Public blasts TUD fee subsidy

Chris Caskey, The Union Democrat /

The Tuolumne Utilities District will continue to examine whether it makes sense to lower connection and capacity fees for future developers in an attempt to spur growth.

Multiple people criticized the idea during a Tuesday meeting of the TUD Board of Directors, though board members said they are considering lowering the fees and want more information on how it could impact TUD's water supply and bottom line.

The idea, according to directors and meeting documents, would be to significantly reduce up-front fees the district charges builders based on costs to connect to the TUD system and on a new development's impact on the system. Though there is no formal proposal on the table, directors said they are interested in exploring possibilities like cutting the fees that can add up in excess of a million dollars by half or allowing installment payments over an extended period.

Members of the board backing the concept say a temporary reduction in fees would stimulate growth in the district by cutting costs for builders. In the long run, Board President Mike Sarno said, more growth means more customers and more revenue.

"To continue to maintain and fund our costs, we either have to cut costs dramatically, increase rates or increase revenue," Sarno said.

The fees are calculated for individual projects based on their impacts on the TUD water infrastructure, including storage tanks, treatment plants and water mains.
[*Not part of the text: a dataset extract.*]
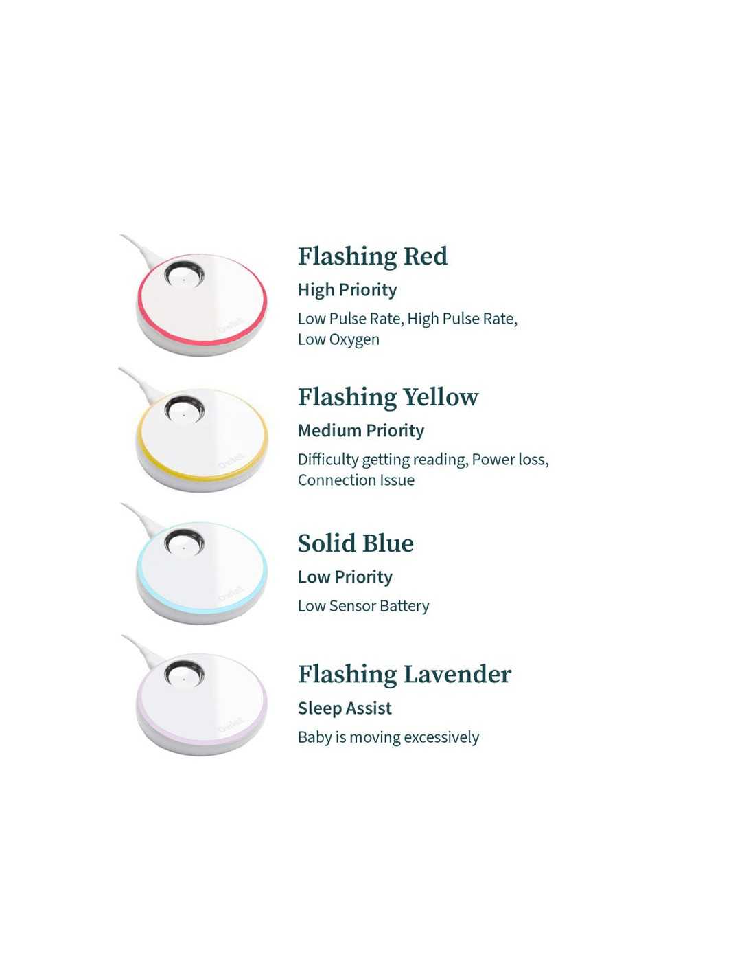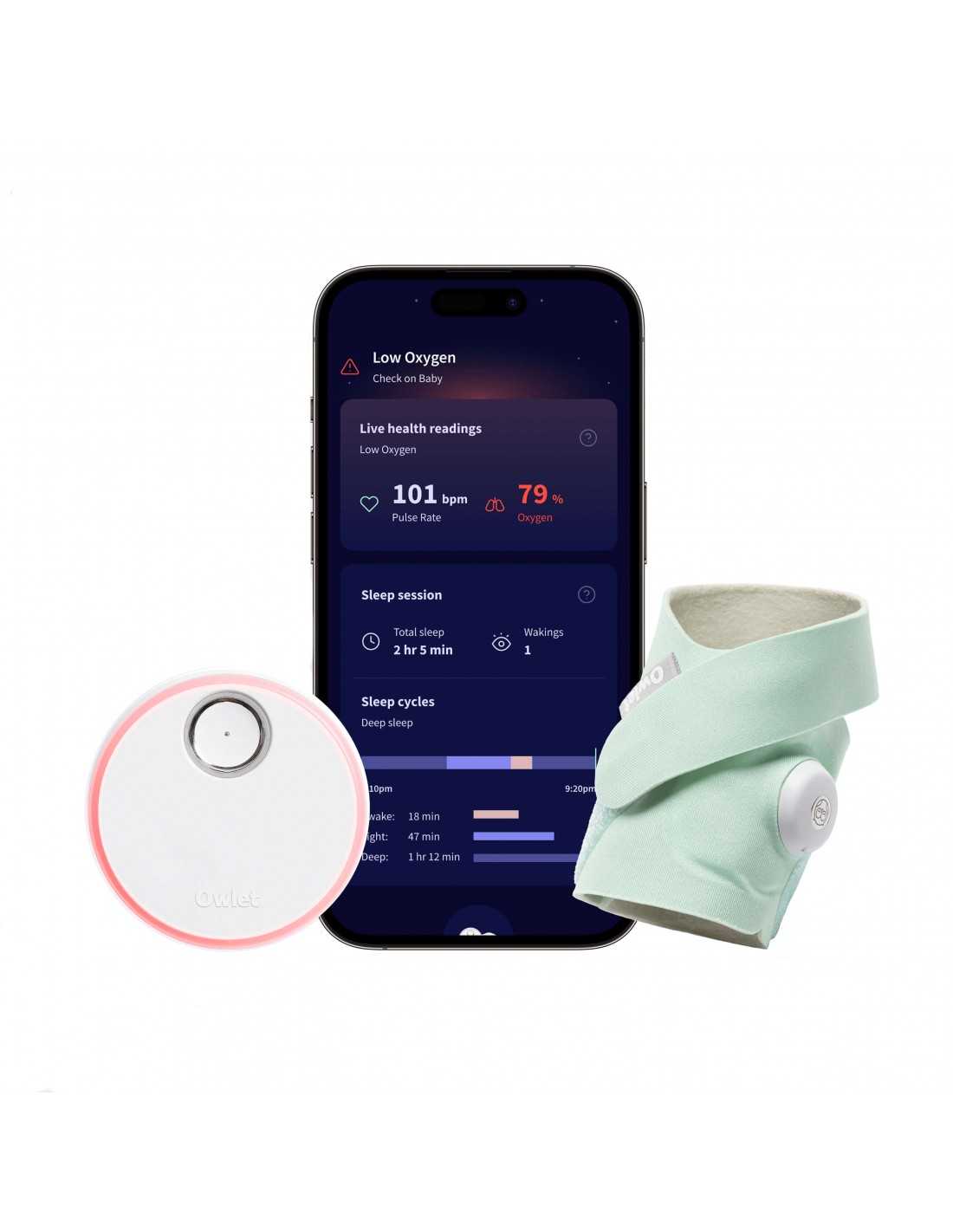 - Receive real-time notifications if any health readings fall outside the preset ranges through the Owlet Dream App and base station.

TUD General Manager Pete Kampa told the board that state regulations control the fees to some extent. Kampa suggested TUD further investigate what parts of the system have what levels of capacity, look into where the district has committed water and sewer, and nail down other details it will need to know before proposing a full plan to reduce those fees.

"This is going to take some staff time, still," Kampa said to the directors.

Even without a proposal on the table, members of the public lined up to warn TUD about such a move. Speakers used terms like "sweetheart deal" to describe a discount, and suggested the district should not cut costs for developers at the expense of the TUD system and current customers. Jerry Cadagan called it a "reverse Robin Hood-ism" where the developers would receive benefits paid for by ratepayers.

"If a development project really has merit, the developer should be willing to pay legitimate costs and fees," Cadagan said.

While the proposal would be general change to the fees, members of the public brought up a pending apartment complex proposed for Columbia. Under the proposal, developers Golden State Holdings and RC Equities are looking to build an 80-unit complex at Union Hill and Parrotts Ferry Road.

The developer has approached TUD multiple times seeking a discount in the connection and capacity fees, which would add up to between $700,000 and $800,000.

Multiple speakers said the fees are fair.

"There's a cost to doing business, and that's important," said Tuolumne resident Laurie Sylwester.

The board asked Kampa and district staff to analyze the issue further and report back at a future meeting.